Commonly, the Sequential API is used to train a model. However, due to the need for more than one input, the Functional API must be employed.

In [46]:
# Image Portion
img_input = Input((90, 120, 3))
x = Conv2D(16, 3, activation='relu', kernel_initializer='he_uniform')(img_input)
x = MaxPooling2D()(x)
x = Conv2D(32, 3, activation='relu', kernel_initializer='he_uniform')(x)
x = MaxPooling2D()(x)
x = Conv2D(64, 3, activation='relu', kernel_initializer='he_uniform')(x)
x = MaxPooling2D()(x)
x = Flatten()(x)
x = Dense(100, activation='relu', kernel_initializer='he_uniform')(x)
img_output = Dense(1, activation='softmax')(x)
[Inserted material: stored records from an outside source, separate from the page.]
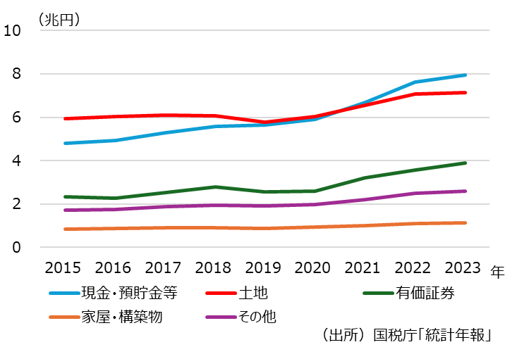 また、ここ数年の動向をみると、相続税が課税される割合が更に上昇しており、足もとでは約10%、つまり10人に1人の割合で相続税が課税されていることがわかります。この背景を探るため、相続財産の中身について見てみます。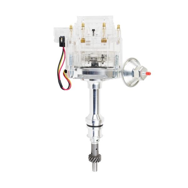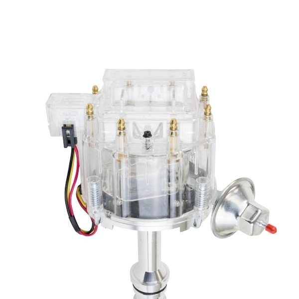 TSP’s HEI Distributor has everything you need, all under one cap. With a high-quality aluminum housing and hardened steel dual bushing construction, it is built to last. It features fully adjustable mechanical and vacuum advances, meaning precision is a breeze. It has a high-output module, high-spark 65,000 volt coil, solid brass terminals, and an easy one-wire hookup.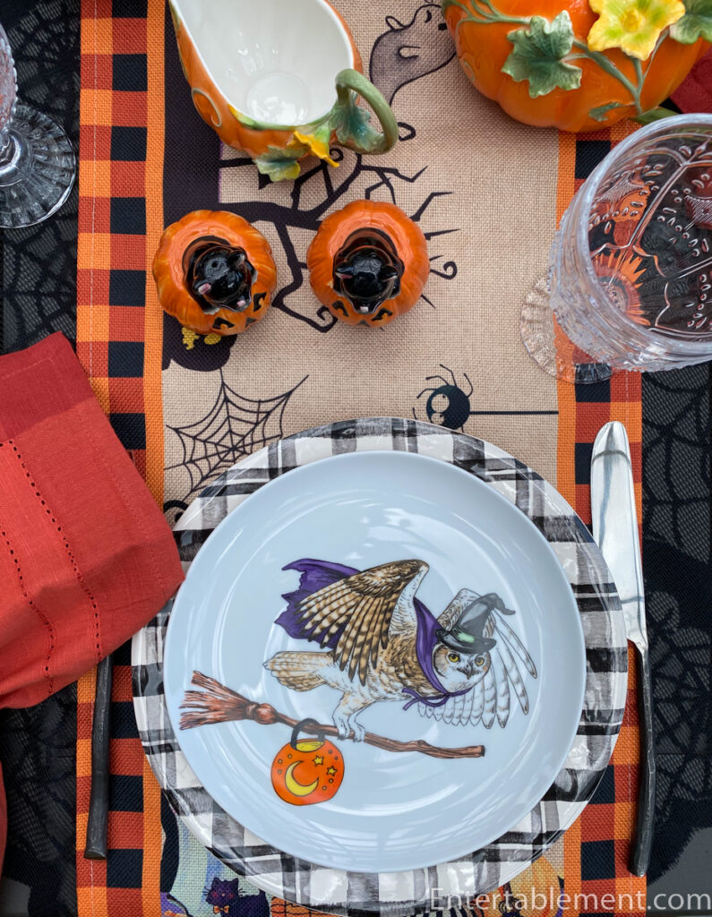 The more recent set of four is still available at West Elm. The unifying feature in the second set is a pumpkin on each plate. From the Witchy Owl…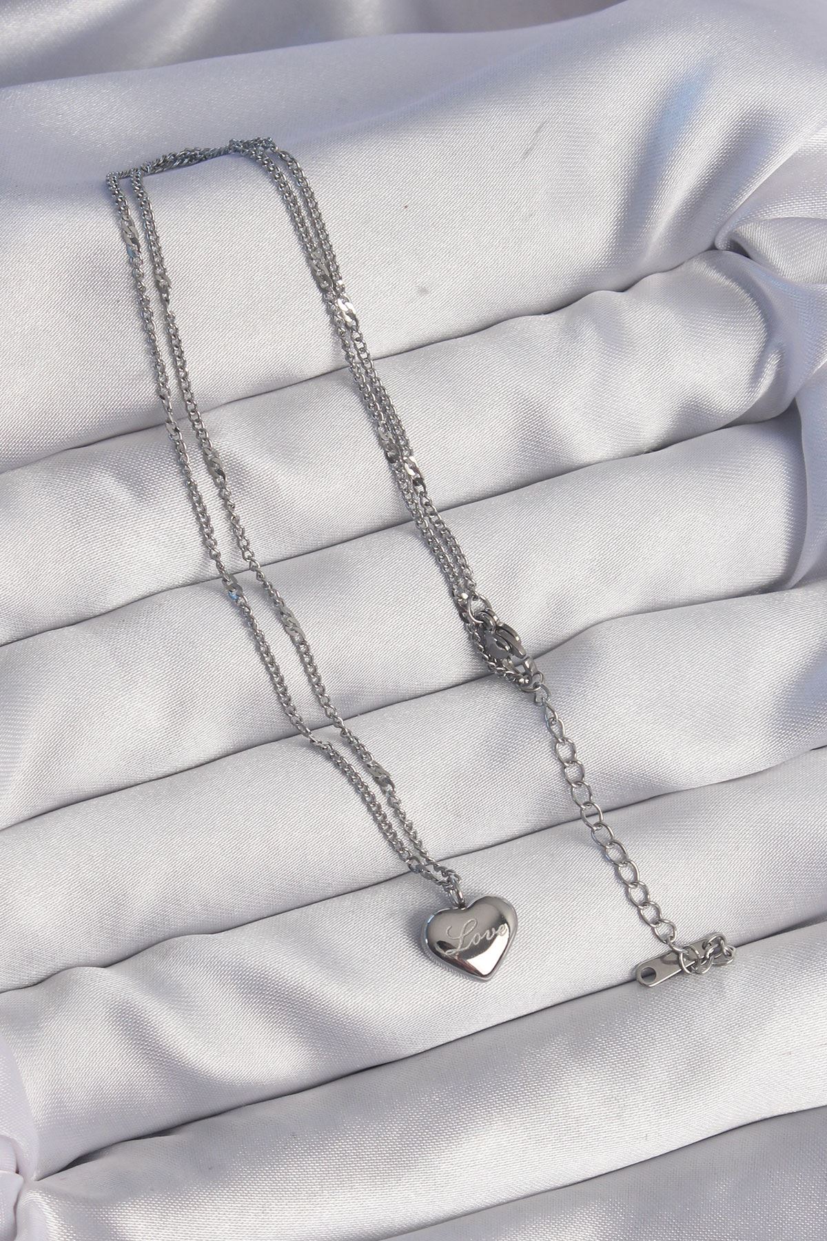 316L Çelik Gümüş Renk Kalp Model Love Kolye - TJ-BKO8932

img_model = Model(inputs=img_input, outputs=img_output, name="img_model")

img_model.summary()
img_model.compile(optimizer='adam', loss=tf.keras.losses.SparseCategoricalCrossentropy(from_logits=True), metrics=['accuracy'])

Model: "img_model"
_________________________________________________________________
 Layer (type)                Output Shape              Param #   
 input_16 (InputLayer)       [(None, 90, 120, 3)]      0         
                                                                 
 conv2d_16 (Conv2D)          (None, 88, 118, 16)       448       
                                                                 
 max_pooling2d_16 (MaxPooli  (None, 44, 59, 16)        0         
 ng2D)                                                           
                                                                 
 conv2d_17 (Conv2D)          (None, 42, 57, 32)        4640      
                                                                 
 max_pooling2d_17 (MaxPooli  (None, 21, 28, 32)        0         
 ng2D)                                                           
                                                                 
 conv2d_18 (Conv2D)          (None, 19, 26, 64)        18

In [39]:
# Text Portion
text_input = Input((1,), dtype=tf.string)
y = Embedding(max_features, embedding_dim)(text_input)
y = Dropout(0.5)(y)
y = Dense(100, activation='relu', kernel_initializer='he_uniform')(y)
text_output = Dense(1, activation='softmax')(y)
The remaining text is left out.